The result should be the listing below restated word for word, with images left out.

(SUPPLIED DATA begins)

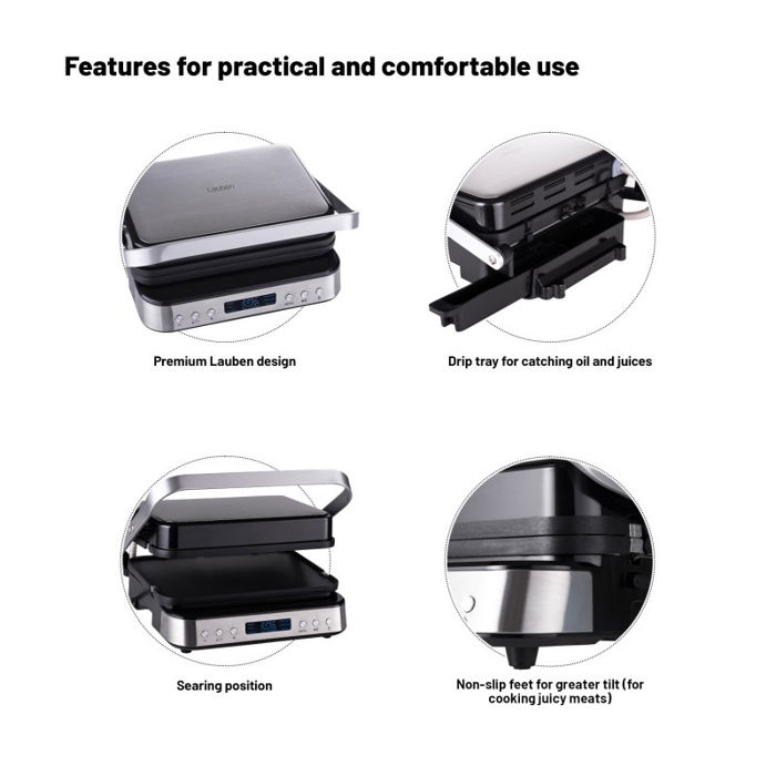 Lauben Contact Grill Deluxe 2000ST - Stolni kontaktni roštilj sa šest automatskih programa, uklonjivim pločama i LED zaslonom
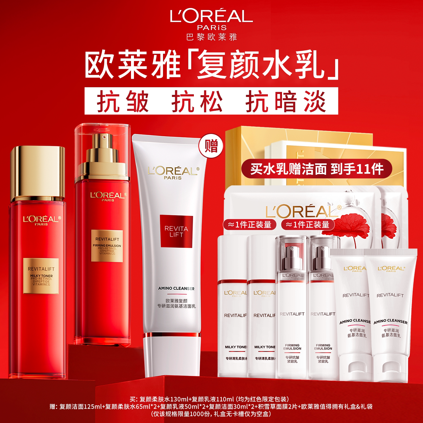 欧莱雅复颜水乳套装护肤品送妈妈礼物保湿紧致抗皱抗老淡纹女正品
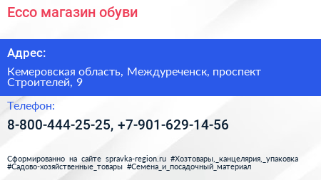 Ecco, магазин обуви по адресу Кемеровская область, Междуреченск, проспект Строителей, 9 в дальнейшем Организация, размещена в следующих категориях:

(SUPPLIED DATA ends)

# [YOUR RESPONSE]
 Lauben Contact Grill Deluxe 2000ST - Stolni kontaktni roštilj sa šest automatskih programa, uklonjivim pločama i LED zaslonom
 欧莱雅复颜水乳套装护肤品送妈妈礼物保湿紧致抗皱抗老淡纹女正品
 Ecco, магазин обуви по адресу Кемеровская область, Междуреченск, проспект Строителей, 9 в дальнейшем Организация, размещена в следующих категориях:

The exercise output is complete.